[ニューヨーク 3日 ロイター] 今週の米国株式市場は、6月の雇用統計など主だった指標が期待外れならば、後退する可能性がある。
先週の米株式市場は5日続伸、週間では2年ぶりの大幅な上昇を記録した。中期財政計画の可決を受けてギリシャ債務危機をめぐる不透明感が解消されたこと、米供給管理協会(ISM)が発表した6月製造業部門景気指数が市場予想を上回ったことが、相場押し上げにつながった。
アバロン・パートナーズ(ニューヨーク)のチーフマーケットエコノミスト、ピーター・カルディッロ氏は「今週は経済指標がカギ」と指摘。「四半期末にかけて株価は順調に上伸した。経済指標の結果が出るまでは、利益確定の動きが先行するかもしれない」との見方を示した。
ソラリス・アセット・マネジメントのティム・グリスキー最高投資責任者(CIO)は「景気サイクル半ばの低迷に対して勝利宣言するのは時期尚早」と話す。「株価がここ数日で大幅に回復したことを考えると、雇用統計の発表に向けて警戒感が強まる可能性がある」と述べた。

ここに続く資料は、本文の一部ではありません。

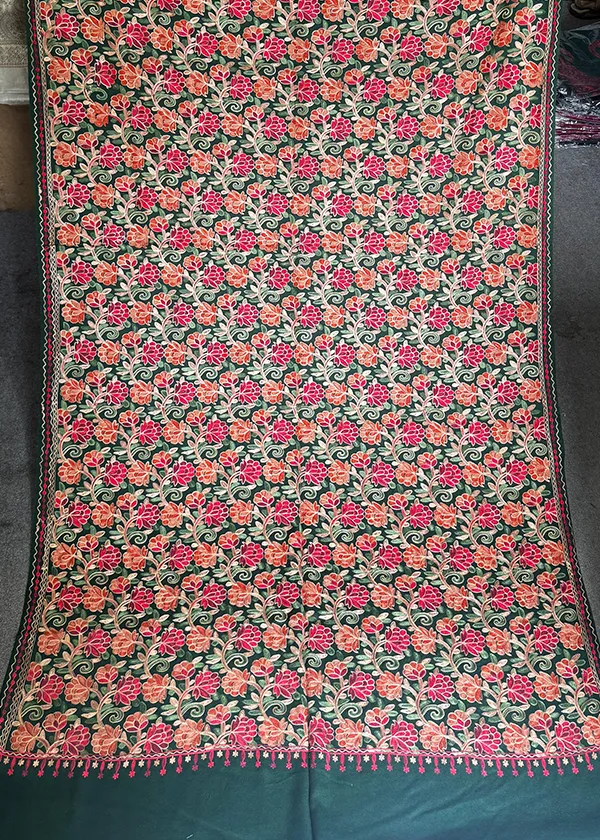 Elevate your winter style with this elegant off-white Kashmiri shawl, richly adorned with multicolor floral embroidery in hues of red, orange, pink, and green.

今週発表予定の主要な経済指標は、5月の製造業新規受注(発表日:5日)、6月のISM非製造業景気指数(同6日)、6月の雇用統計(同8日)など。4日は独立記念日のため米国株式市場は休場となる。
<債務上限引き上げ問題、企業業績に関心移る>
先週1週間では、ダウ工業株30種指数<.DJI>は5.4%上昇、S&P総合500種指数<.SPX>は5.6%上昇、ナスダック総合<.IXIC>は6.2%上昇。各指数の上昇率は2009年7月以来の大きさだった。
ギリシャ債務問題がひとまず落ち着いたことから、市場の関心は、米債務上限の引き上げ協議に移っている。米財務省は1日、連邦政府の借り入れが8月2日以降、不可能になる、との見通しをあらためて示し、期限までに債務上限引き上げで合意するよう、議会への圧力を強めた。
米決算発表シーズンは、11日のアルコア
ソラリス・アセット・マネジメントのグリスキー氏は「商品価格の上昇を受け、国内経済には弱い部分がある。また日本や欧州、中国などさまざま要因を背景に、製造業にもやや弱さが見られる。これらが第2・四半期決算に影響を与え、業績見通しも一部、悪い内容になるかもしれない。そうなれば市場全体に幅広い影響が及ぶことになる」と述べた。